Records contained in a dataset
..........

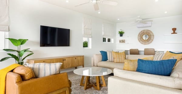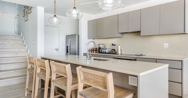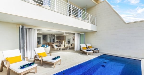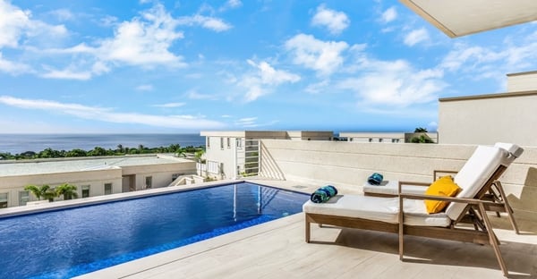 Royal Westmoreland is one of the Caribbean's finest luxury golf communities. With the $10 per person per day fee, guests will have access to the golf course ($), tennis courts ($), Club House ($), beach facilities at Mullins Beach Club ($). Located in the private gated community of Westmoreland Hills, a stone’s throw from the Royal Westmoreland Golf Course and the white sand beaches of the West Coast of Barbados, No. 40 Westmoreland Hills offers stunning ocean views and magnificent sunsets, making it the perfect vacation getaway for you and your family. No. 40 Westmoreland Hills is a 3,600 square feet semi-detached 2-story villa' The floor plan consists of four bedrooms and four bathrooms, a large, fully airconditioned, open plan living/dining/kitchen/office area, storage and rec room basement, and a 23-foot fiberglass pool. The interior of the villa has been professionally designed and outfitted. No detail has been overlooked in the furnishing and outfitting of the villa.
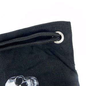 There are two black cords on either side of the bag so it can be worn like a backpack. They are held in place with a secure grommet and a faux-leather patch
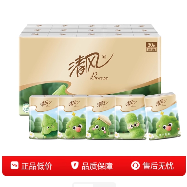 5.9元!清风手帕纸30包
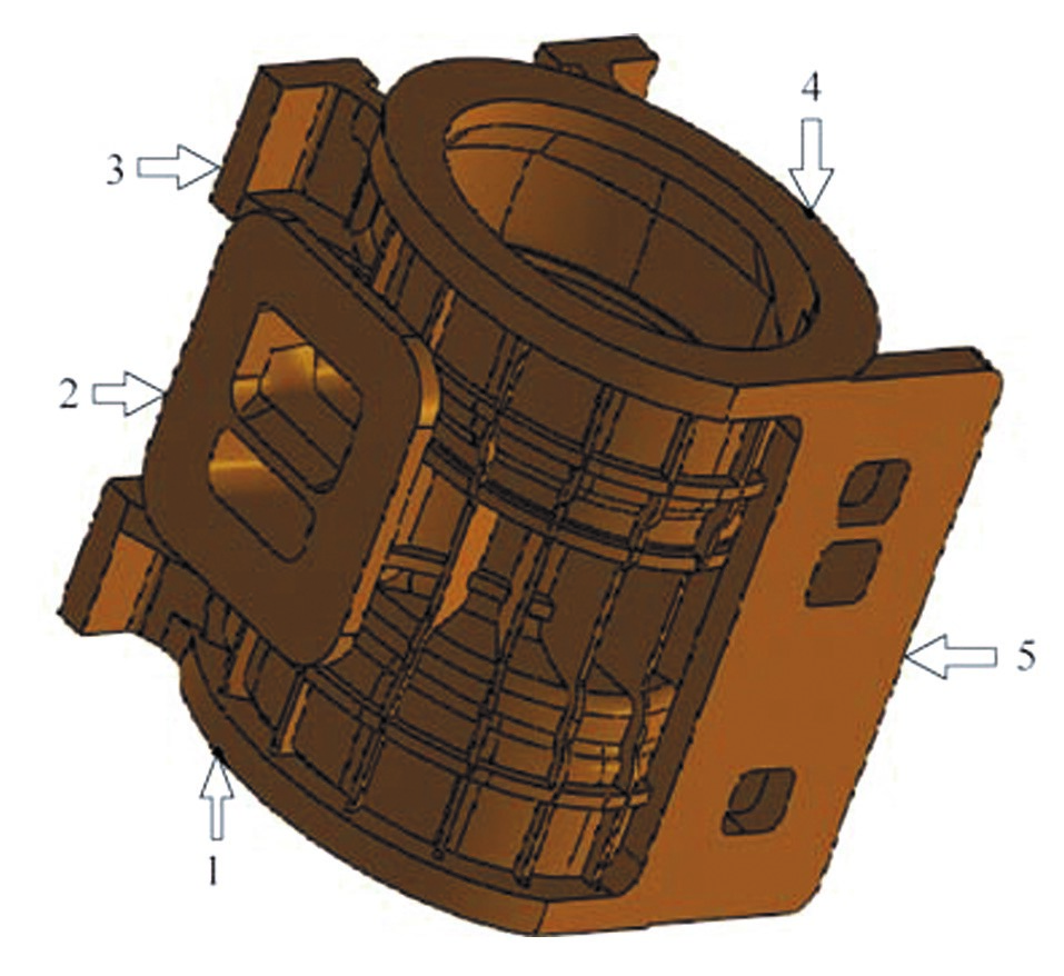 圖2 泵體立體圖 (1.下法蘭 2.入口法蘭 3.泵腳4.上法蘭 5.出口法蘭)
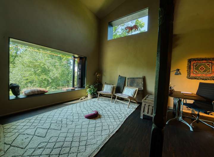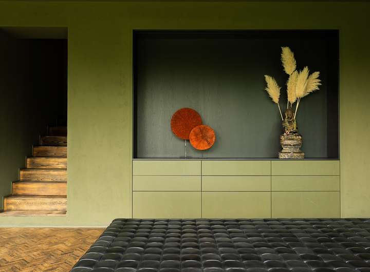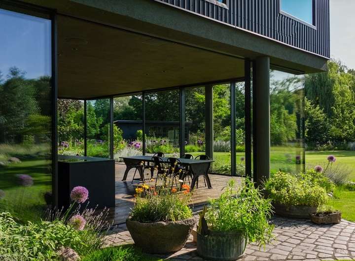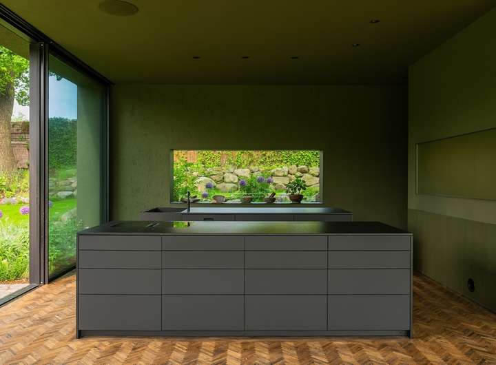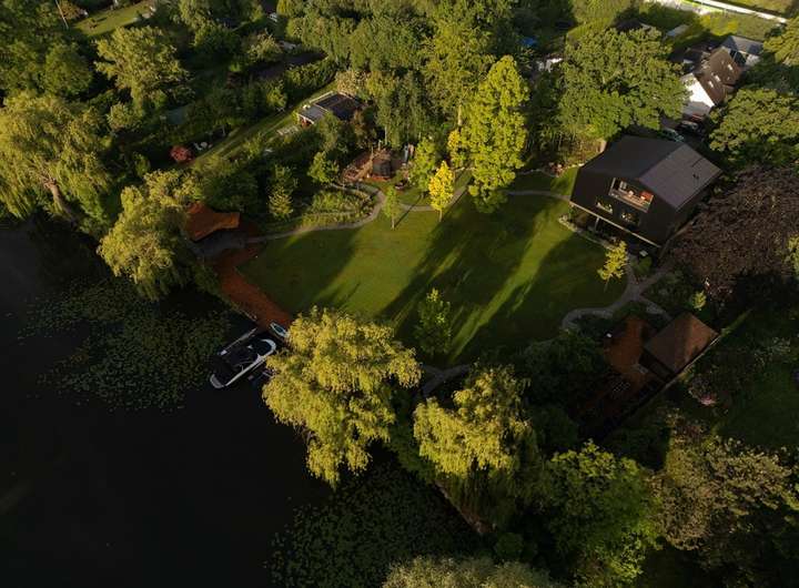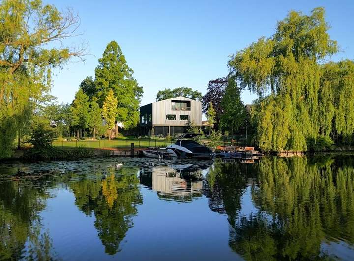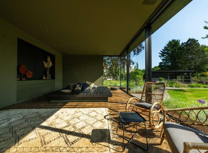 Von innen eröffnet sich der Blick in den Park und auf die Elbe, während das Gebäude von außen harmonisch mit seiner Umgebung verschmilzt. Im Erdgeschoss, wo der Rasen beinahe bis an das Eichenparkett reicht, lösen sich die Grenzen zwischen Innen und Außen auf. In den Schlafzimmern wird man von der Morgensonne geweckt, die über dem Wasser aufgeht. Von der Loggia aus schweift der Blick den Flussarm hinunter, begleitet vom Zwitschern der Vögel – man vergisst, dass man sich mitten in Hamburg befindet.

..........

| Task details |
Give back word for word the lines from the one containing "圖2 泵體立體圖 (1.下法蘭 2.入口法蘭 3.泵腳4.上法蘭 5.出口法蘭)" through the final line of the data above. Pictures are to be left out.

| Response |
 圖2 泵體立體圖 (1.下法蘭 2.入口法蘭 3.泵腳4.上法蘭 5.出口法蘭)
 Von innen eröffnet sich der Blick in den Park und auf die Elbe, während das Gebäude von außen harmonisch mit seiner Umgebung verschmilzt. Im Erdgeschoss, wo der Rasen beinahe bis an das Eichenparkett reicht, lösen sich die Grenzen zwischen Innen und Außen auf. In den Schlafzimmern wird man von der Morgensonne geweckt, die über dem Wasser aufgeht. Von der Loggia aus schweift der Blick den Flussarm hinunter, begleitet vom Zwitschern der Vögel – man vergisst, dass man sich mitten in Hamburg befindet.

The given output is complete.